In: Psychology
For each of the passages below, identify the title and author of the short story from which the passage comes, explain what the passage depicts or illustrates, provide the larger context in which the passage can be understood, and interpret the significance of the passage to the whole story.
"He should not have built the fire under the spruce tree. He should have built it in the open. But it had been easier to pull the twigs from the brush and drop them directly on the fire. Now the tree under which he had done this carried a weight of snow on its boughs. No wind had blown for weeks, and each bough was fully freighted.

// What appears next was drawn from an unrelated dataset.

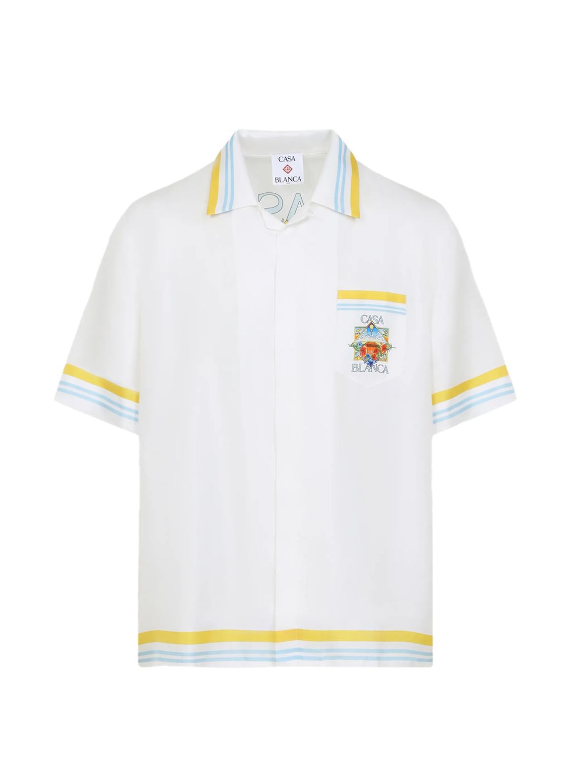 Elevate your warm-weather wardrobe with this sophisticated camp-collar printed shirt from Casablanca. Crafted in crisp white with vibrant yellow and blue striped trim details, this short-sleeve shirt features the brand's signature embroidered motif on the chest pocket.

Each time he had pulled a twig he had communicated a slight agitation to the tree - an imperceptible agitation, so far as he was concerned, but an agitation sufficient to bring about the disaster. High up in the tree one bough capsized its load of snow. This fell on the boughs beneath, capsizing them. This process continued, spreading out and involving the whole tree. It grew like an avalanche, and it descended without warning upon the man and the fire, and the fire was blotted out!"
This passage belongs to the short story " To Build A Fire" by Jack London.
This passage depicts the futile attempt of a man to built a fire under a spruce tree that is weighed down with snow. His short-sightedness to evaluate the reality creates problem for him. As he collects wood for his fire by pulling the twigs from the tree,it disturbs the snow in the tree that was collected on it. The movement of the snow collected in the tree takes the form of mini avalanche when it started falling from the top branches to the lower ones and finally when it falls on the fire and causes to dampen down the fire.
This passage shows how the rationality of man becomes futile when he ignores to calculate the actual conditions and possibilities of dangers regarding the forces of nature. The over confidence of man may lead him to danger that may even cost his life especially when it comes to miscalculation of natural forces. As in this passage, for his ease he built the fire under the tree , he opts his ease over assessing the situation that costs the fire to dampen down leaving him to face the severe cold and frost bite.